Best wishes with 30 cinquains ;in 30 days! I’m also making the attempt (not of cinquains, but of poems).
I haven’t had time to participate every year, but I think I’ve taken part 3 times. I never did manage to get 30 poems created, but one year I did do as many as 18 in the month. Not a great record, but I was pretty pleased about having created 18 pieces of literature that hadn’t existed before I jumped into NaNoWriMo. Maybe this time I’ll be able to add 30 new pieces to my stockpile.
Last year was my first time participating, and I did manage to do the 30 poems…but now I’ll see if that was fluke or whether I can pull it off again.
I’m rooting for you!
Always wondered how that was made up, but never bothered to find out. Great writing during the month.
Thanks. At least I have to create only 5 lines each day. That should help.

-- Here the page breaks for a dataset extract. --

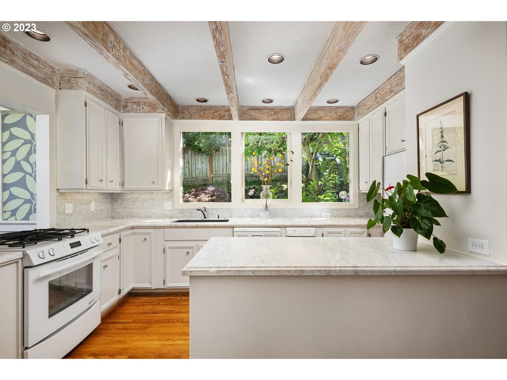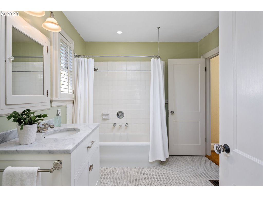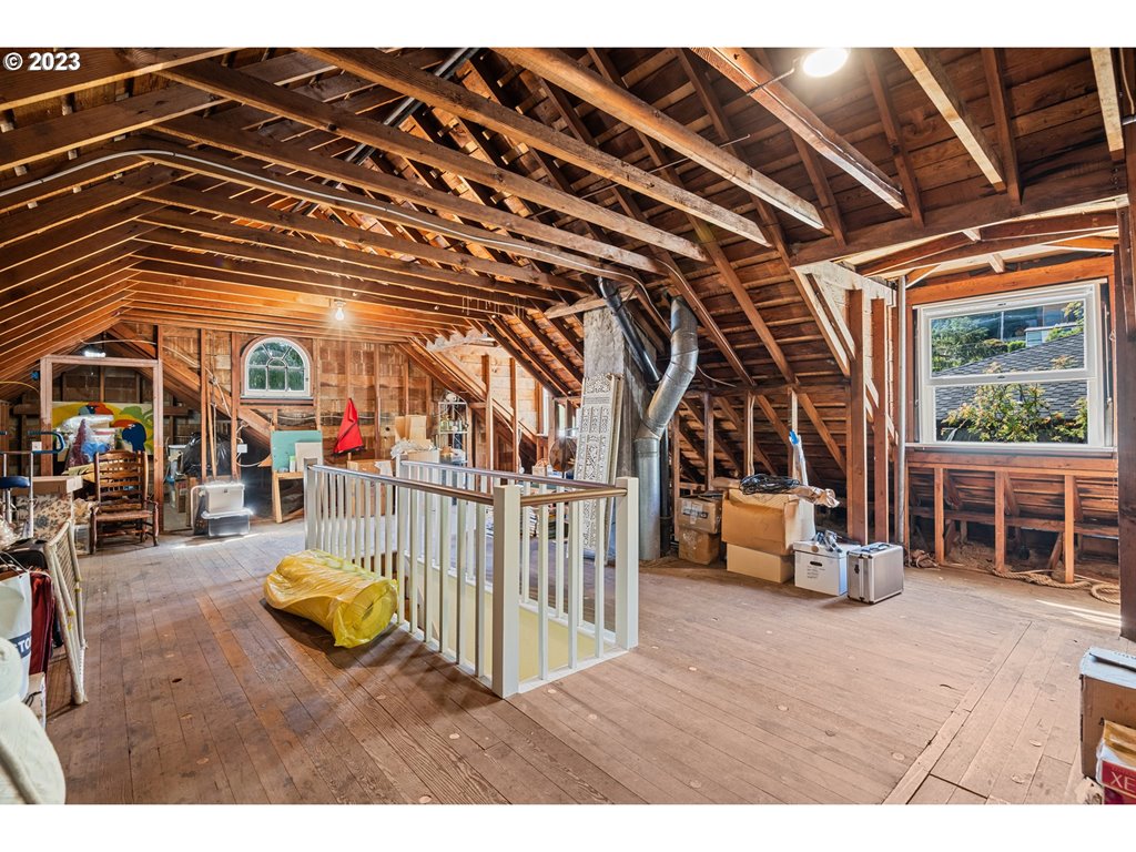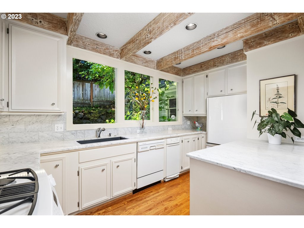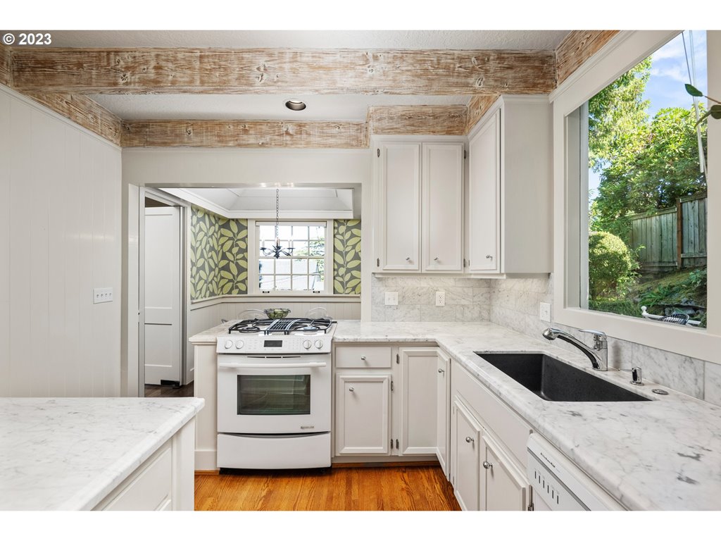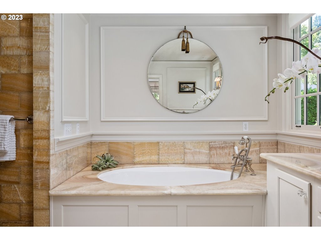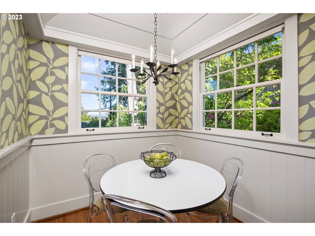 This home has an impressive architectural pedigree: originally designed by commercial Architects DeYoung and Roald (Historic Heathman Hotel) for prominent Civic Engineer G.L. Rauch. Later prestigious Architect Richard Sundeleaf did kitchen & family room expansion with Douglas fir hand-hewn timbers. The home has been masterfully updated with timeless finishes and is surrounded by incredible gardens. Incredible public rooms are adorned with multi-pane and French doors. Paneled walls meet picture rail millwork and original built-ins and architectural details are highlighted by natural light streaming in the windows. The home has been enhanced to ensure the original architectural charm was retained. The kitchen, with slab Cararra marble counters, is connected to the family room which opens to an brick patio. Luxurious primary en suite bathroomis finished with captivating Honey Onyx. Windows frame outlooks of Mt Hood, Mt Adams, Willamette River the City, plus mutiple gardens and patios. Master stone & tile mason from England created pathways complementing the existing stone walls- which were built by the same stone mason as the Vista House in the Columbia River Gorge. Lush lawns are bordered by blooming shrubs and majestic trees. The home is elevated above the street ensuring privacy, serenity and an abundance of natural light. Rare original two car garage attached with tunnel and convenient staircase to the basement and kitchen. Located one street away from Forest Park trails at the end of NW Cumberland. [Home Energy Score = 1. HES Report at rpt.greenbuildingregistry.com/hes/OR10219465]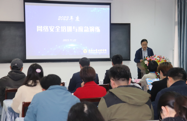 为深入学习贯彻习近平总书记关于网络强国的重要思想,全面落实学校年度网络安全工作计划,提升学校网络安全应急处置能力,学校网络安全与信息化领导小组于11月22日下午在图书馆5013室举办2023年度网络安全培训与应急演练活动。糖心视频 副院长、学校网络安全与信息化领导小组副组长戴玉蓉教授出席活动并致辞。全校各单位的网络信息安全员、网站管理员、应用系统管理员近50人参加培训并观摩应急演练。活动由图档信息中心主任沈冬生主持。

So no specific theme with cinquain?
That’s a question that will get a different answer, depending on the person you ask. There are a number of people who consider themselves “poetry experts” who will try to tell you that cinquain originally dealt with nature fairly exclusively and should continue to do so — sort of like haiku. Adelaide Crapsey, the creator of cinquain was a great fan of Japanese haiku and tanka, so that’s probably a reasonable conclusion. However, I don’t see that fact in her own cinquains.
She wrote almost as much about things that involved human beings and life in general as she did of just nature. So, taking my cue from the creator of the form, I let my own imagination take me to whatever theme I’m feeling at the time of creation.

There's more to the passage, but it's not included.